[Opening Information supplied section]

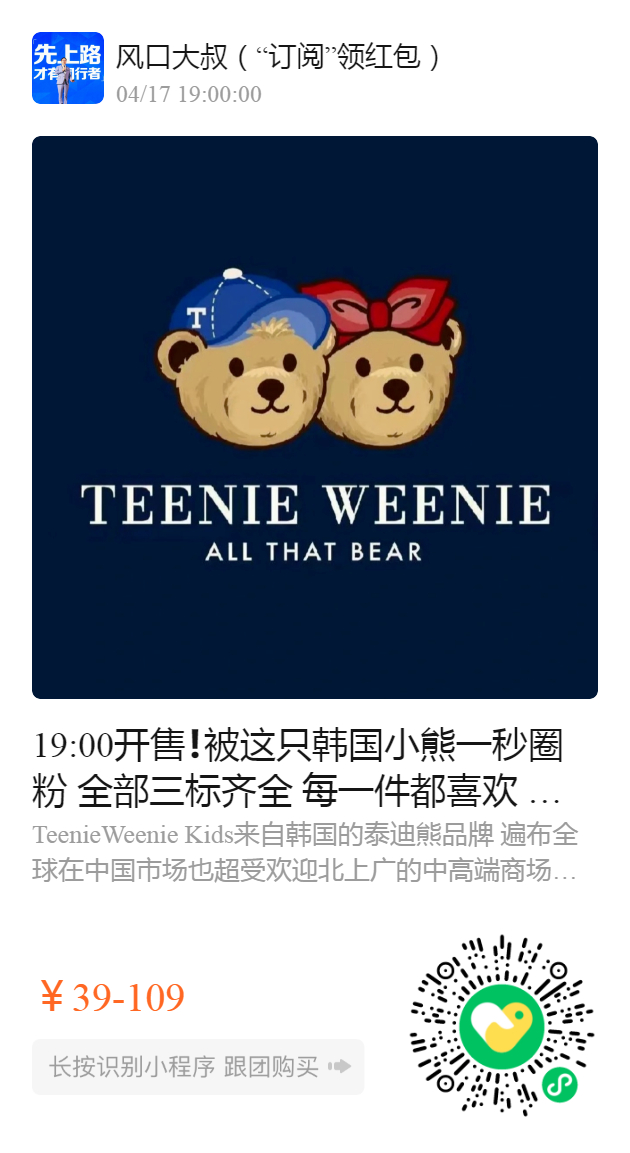 19:00开售❗️被这只韩国小熊一秒圈粉 全部三标齐全 每一件都喜欢 一如既往的好质量 TeenieWeenie Kids大集合 ️限量现货库存 抢
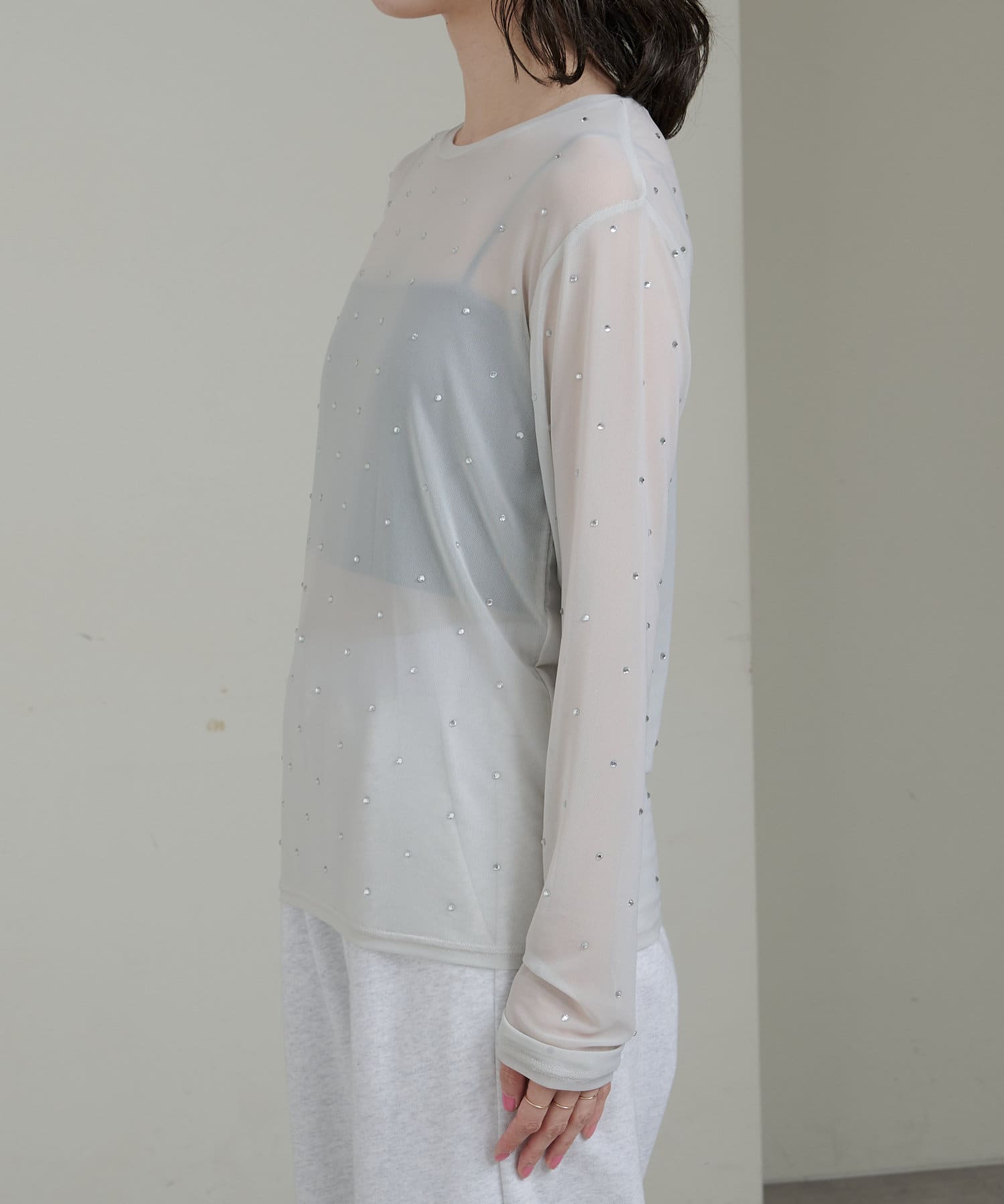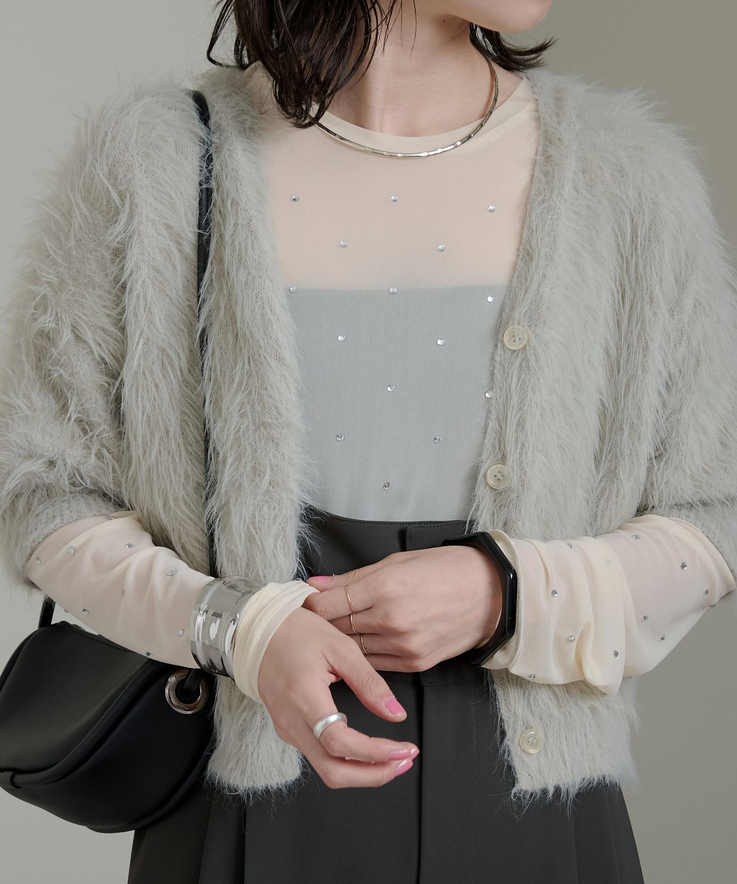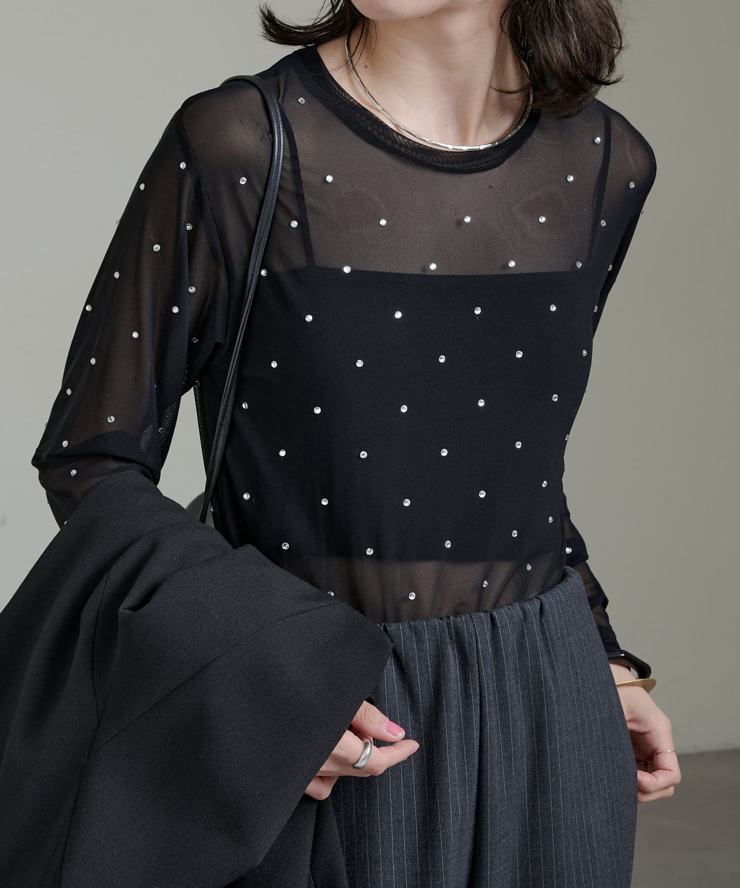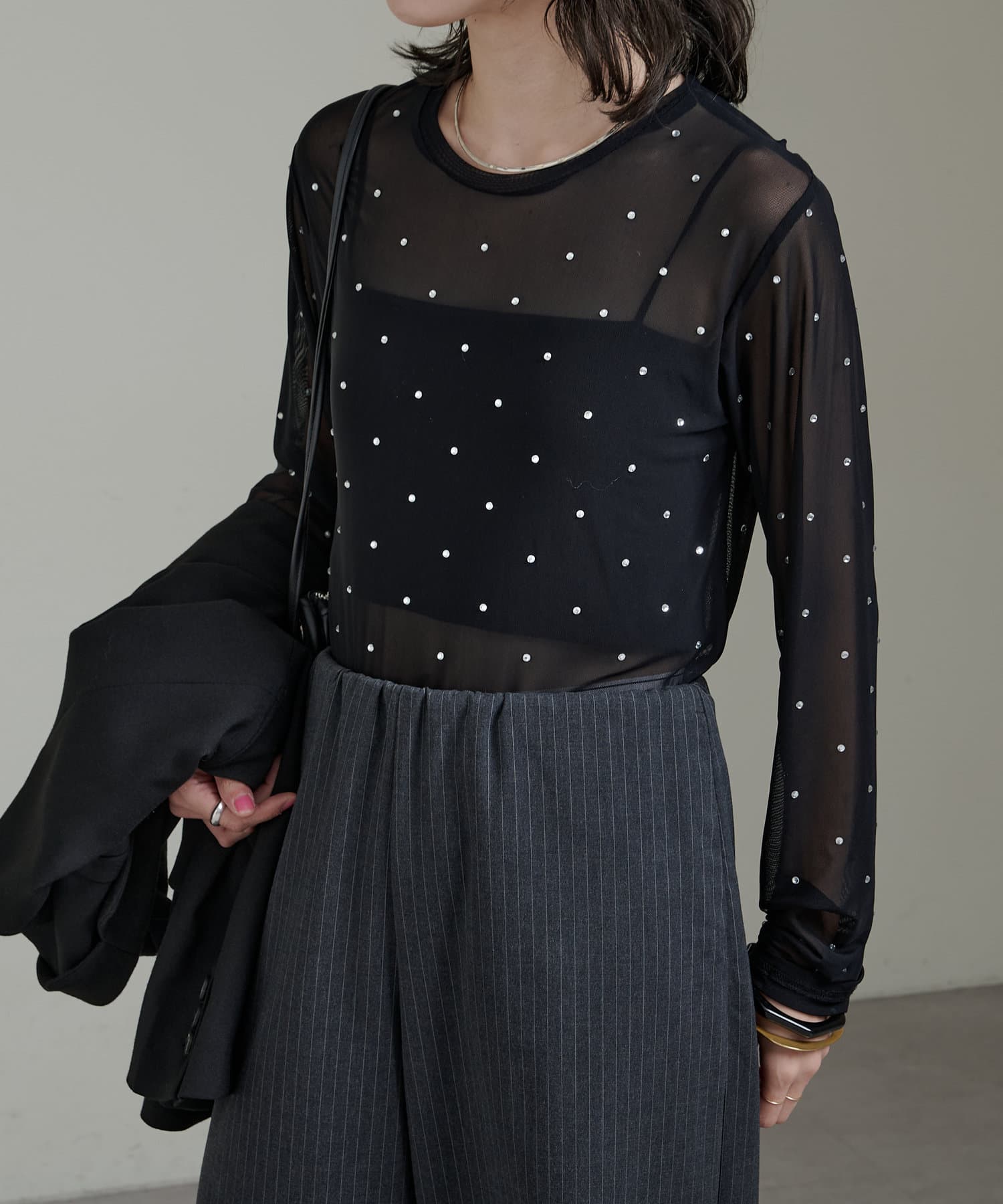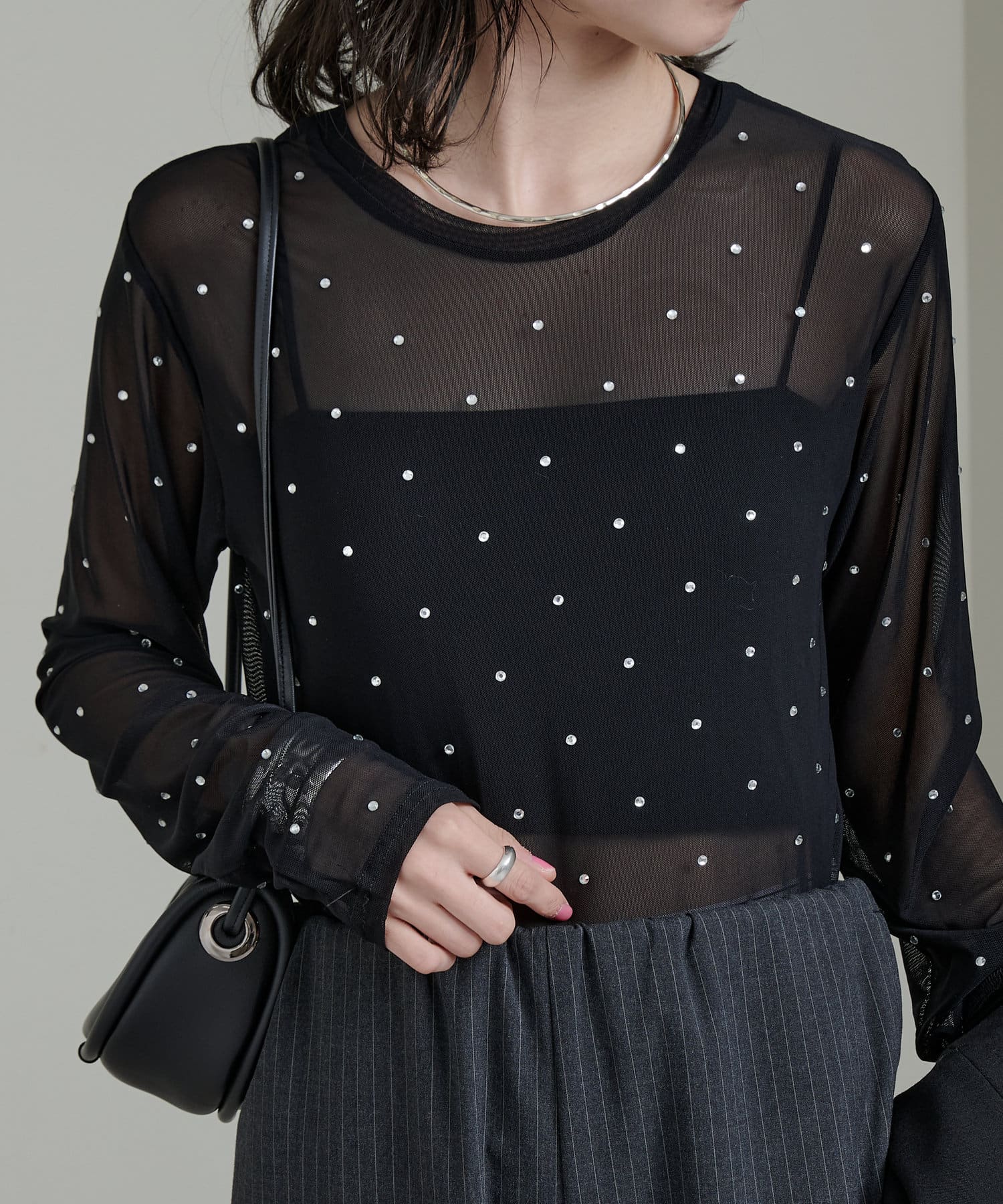 ・小さめのきらっと光るビジューがスタイリングに映える1枚。
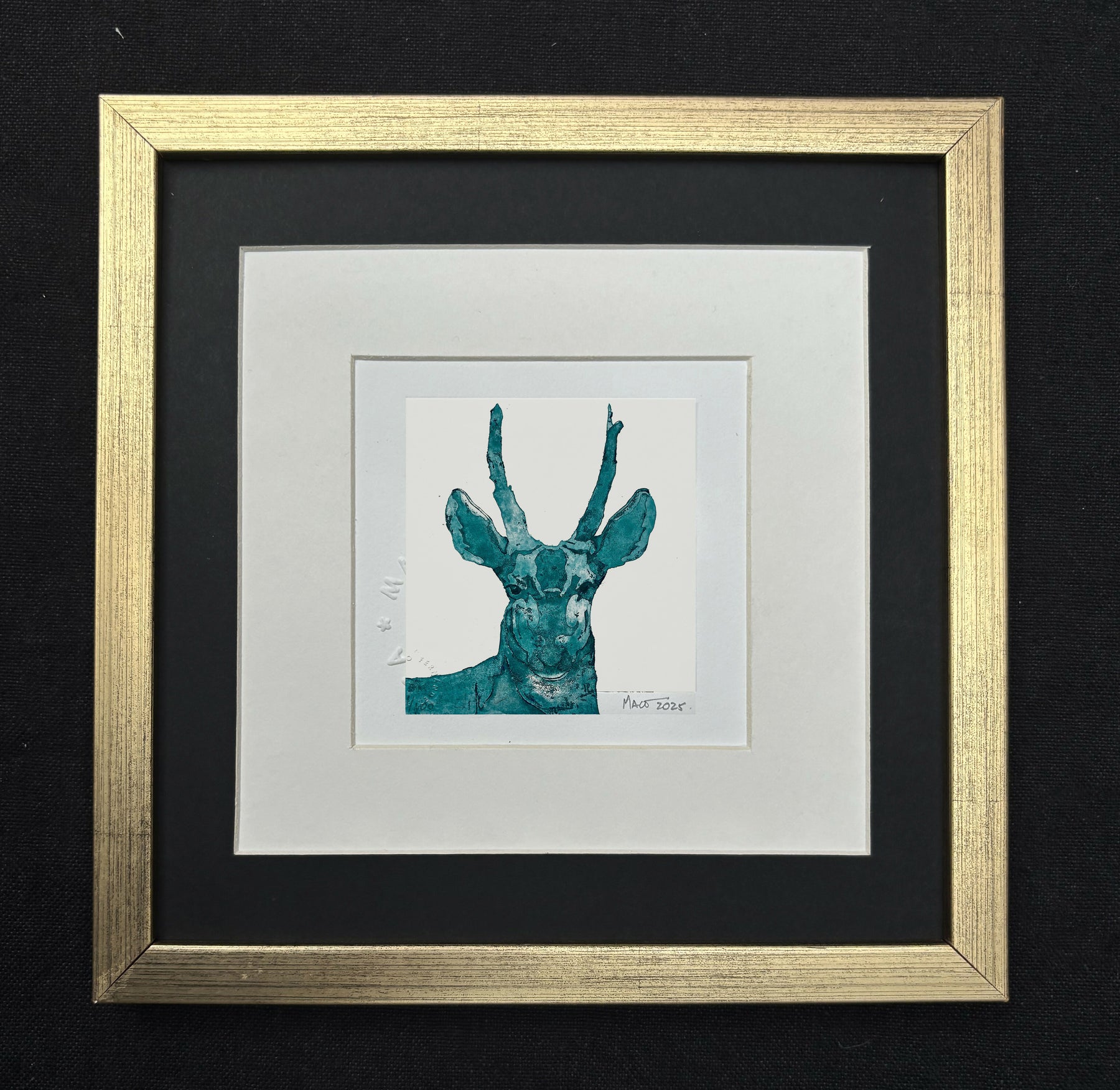 Enmarcación: vidrio normal, paspartú negro y marco liso dorado.
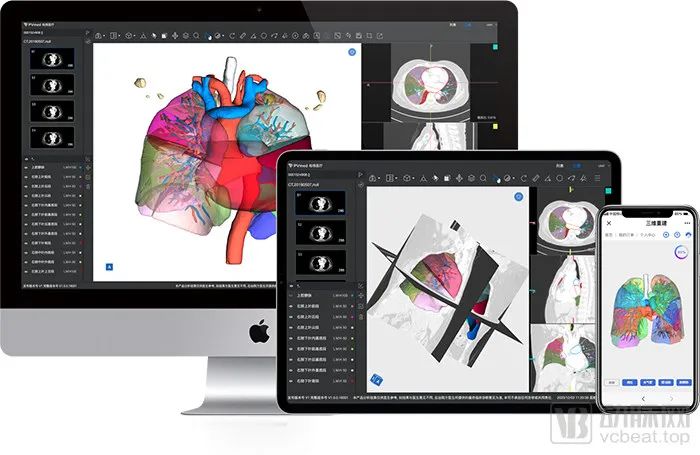 目前,PV-iCAS智能手术术前规划系统提供的服务已经销售到十几个省市的头部医院,可对CT影像中的肺部疾病实现自动检测、定位和智能量化分析,同时为胸腹外科手术提供智能的、精准的器官三维可视化以及模拟规划工具, 从而提高临床治疗实践的安全性,推动精准外科手术达到新的高度。
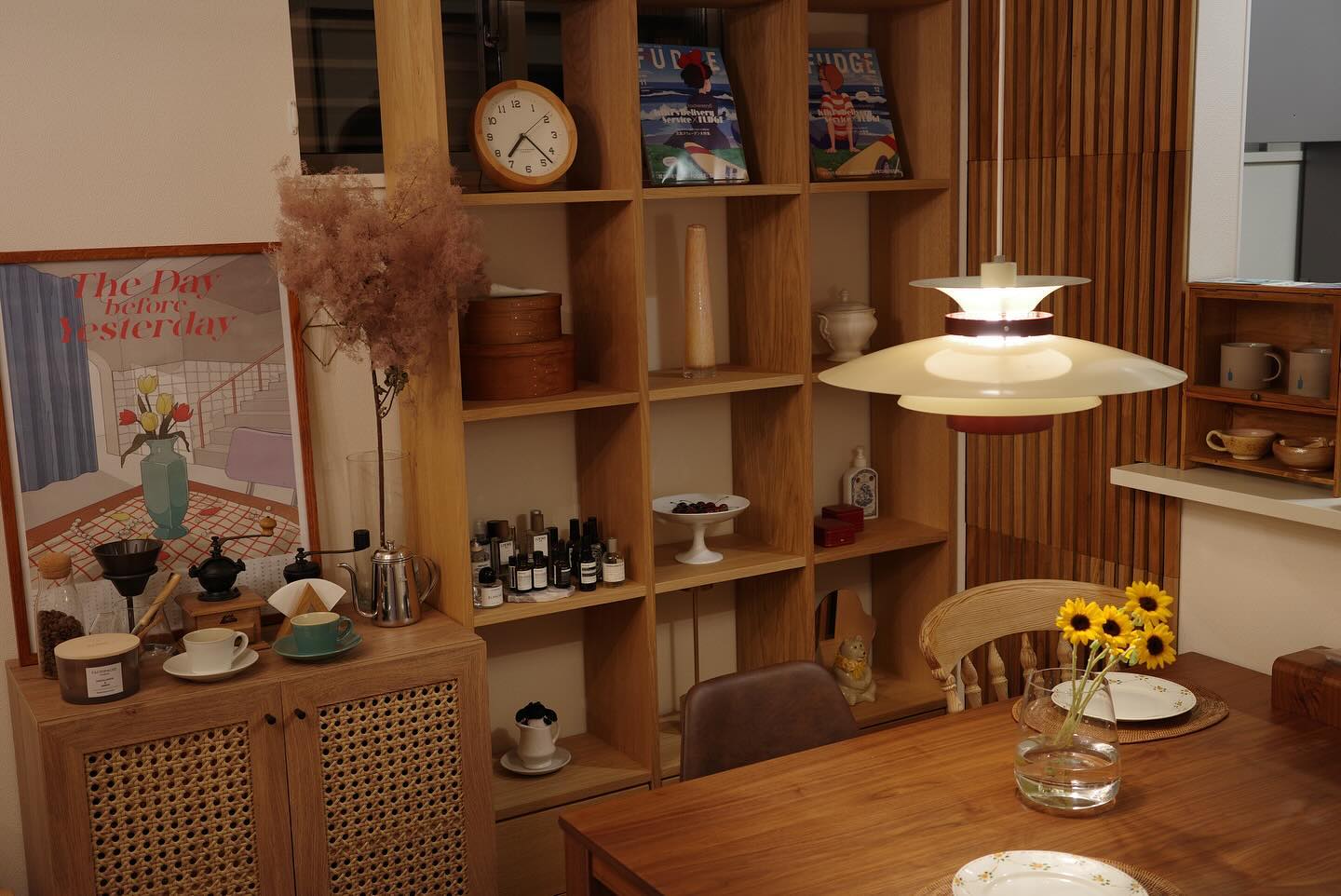 ダイニングの背面に、無印良品のスタッキングシェルフを用いて高さのある「見せる収納」を置いたことで、収納の少なさをカバーしていらっしゃいます。

[Closing Information supplied section]

## Exercise directions
Return only the lines from the one that contains "目前,PV-iCAS智能手术" through the closing line of the data, inclusive, reproduced exactly and with every picture left out.

## Exercise solution
 目前,PV-iCAS智能手术术前规划系统提供的服务已经销售到十几个省市的头部医院,可对CT影像中的肺部疾病实现自动检测、定位和智能量化分析,同时为胸腹外科手术提供智能的、精准的器官三维可视化以及模拟规划工具, 从而提高临床治疗实践的安全性,推动精准外科手术达到新的高度。
 ダイニングの背面に、無印良品のスタッキングシェルフを用いて高さのある「見せる収納」を置いたことで、収納の少なさをカバーしていらっしゃいます。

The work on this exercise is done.